Fundamental #4: Go for the long money play in your business

This is a perfect moment to increase your sphere of influence, grow your business-to-business network and expand your list of referral partners. Business owners everywhere are facing the same realities you are facing. Create your list of the top 10 companies in your market that you would love to do business with and build those relationships. Relationships forged in times of crisis are welded with stronger steel, and owners are more likely to respond to a new connection, if made in the right way, in this phase while they, too, are adjusting to a new normal.  

Fundamental #5: Address safety concerns

While not everyone is terrified of the coronavirus, those who are need reassurance. Communicate more than you think you should about the ways you are adhering to all possible safety protocols.
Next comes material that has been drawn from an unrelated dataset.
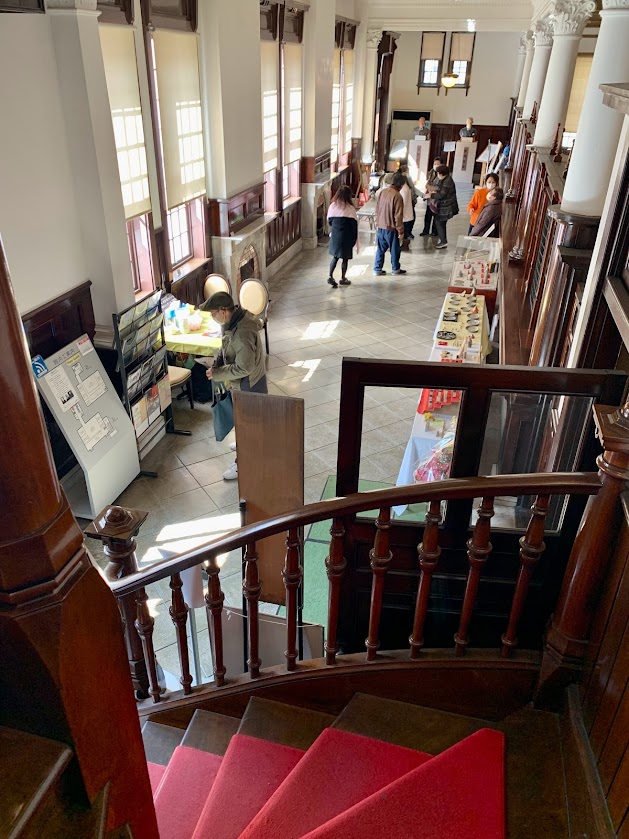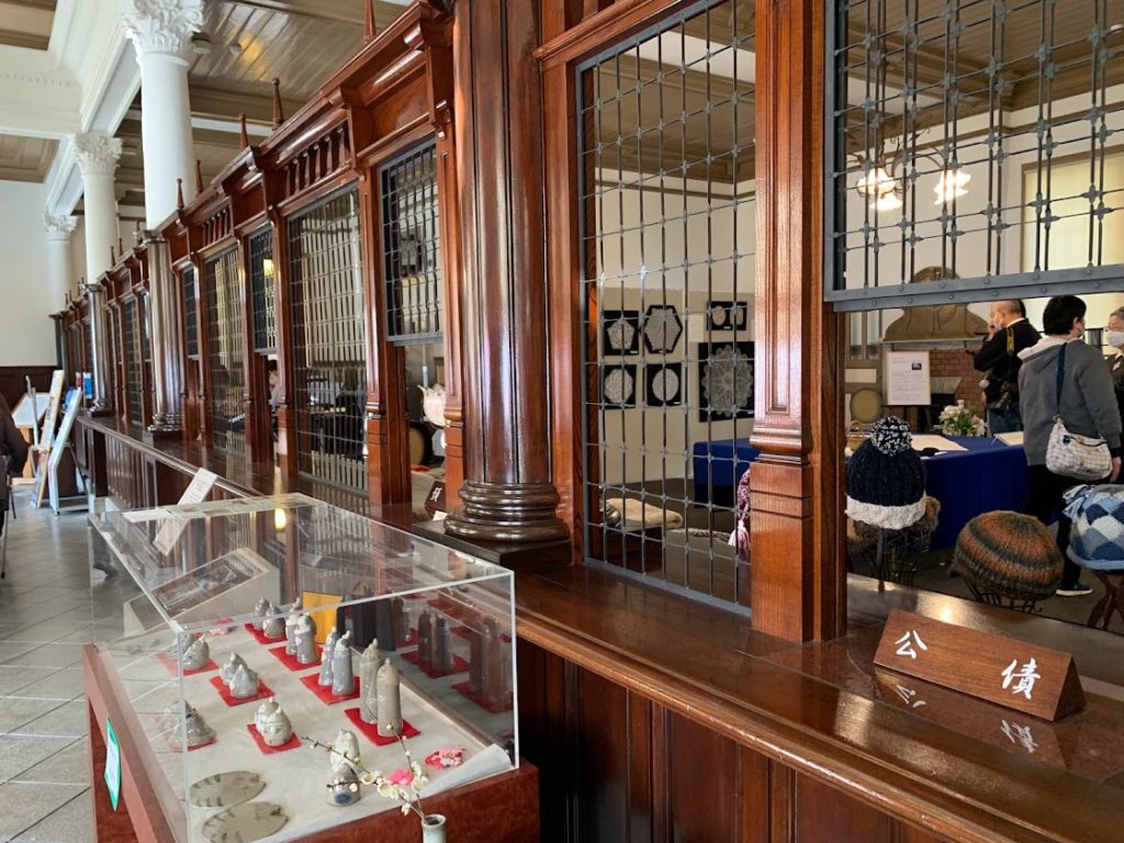 記念館の中。 二回は辰野金吾の展示がしてあるが。一階は、昔の唐津銀行の窓口が再現されている。 天井高でなかなかいい感じ。 なんだか三菱一号館のカフェ1984と共通するものがあるよな。 あそこも戦前の三菱銀行の建物・窓口を活かして作ってあるからな。 あと一階には女性のガイドさんが二人いて、この場所含め唐津のこと、レンタサイクルの行先等、いろいろと教えてくださいました。 親切で暖かかった。 唐津に来て、初めにここに寄って良かったなと思いましたね。

Customers don’t know what actions you are taking to protect them unless you tell them. For those who want to know the details of your social distancing and sanitization protocols, make it easy for them to find that information.

Draft a letter to your customers telling them what you are doing to protect them and send it via email or traditional mail. Make it a publicly available notice with links at the bottom of all of your outbound emails, on your social pages and on your website.

You never know where your clients or potential clients are in their journey with all of this, so it’s a wise and prudent play to break down any barriers that may be preventing them from doing business with you.

COVID-19 has forced all of our hands to secure our fundamentals, to up our game, to modernize. Be fearless in being out there, in front of your ideal clients, ready to serve them, ready to build relationships, ready to tackle any hurdle with optimism and ingenuity, and you will be well on your way to surviving this and thriving beyond it. 

Madeleine MacRae is a business coach and sales trainer who focuses on bringing her clients cutting-edge information mixed with just the right amount of inspiration to help them accelerate their success and achieve long-term results. She has helped thousands of companies thrive during the COVID-19 crisis. She is offering complimentary consultations at www.meetme.so/MadeleineMacrae


SIDEBAR: Crisis messaging

The right kind of marketing during a crisis can create sales opportunities. Experts suggest three types of messages:

Positive—Communicate how you are helping the larger community.

Valuable—Develop content that educates, entertains or inspires people.

Empathetic—Make a real connection by showing your human side.